__Try it__:
In the entries below, find the line with "One of the many" and the line with "3 Transoms with Fixed Grids (3 Panes Each)". Reproduce those two lines and every line between them exactly, and nothing more.
##### Data for review #####
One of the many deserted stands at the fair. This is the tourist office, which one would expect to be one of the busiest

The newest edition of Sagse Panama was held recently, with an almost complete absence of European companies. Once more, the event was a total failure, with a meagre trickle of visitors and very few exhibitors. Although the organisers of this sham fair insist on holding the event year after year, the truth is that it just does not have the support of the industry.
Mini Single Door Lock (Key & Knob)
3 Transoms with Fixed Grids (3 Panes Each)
#####
##### Data for review #####
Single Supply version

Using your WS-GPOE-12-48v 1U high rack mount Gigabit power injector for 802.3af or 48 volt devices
#####
__Answer area__:
One of the many deserted stands at the fair. This is the tourist office, which one would expect to be one of the busiest

The newest edition of Sagse Panama was held recently, with an almost complete absence of European companies. Once more, the event was a total failure, with a meagre trickle of visitors and very few exhibitors. Although the organisers of this sham fair insist on holding the event year after year, the truth is that it just does not have the support of the industry.
Mini Single Door Lock (Key & Knob)
3 Transoms with Fixed Grids (3 Panes Each)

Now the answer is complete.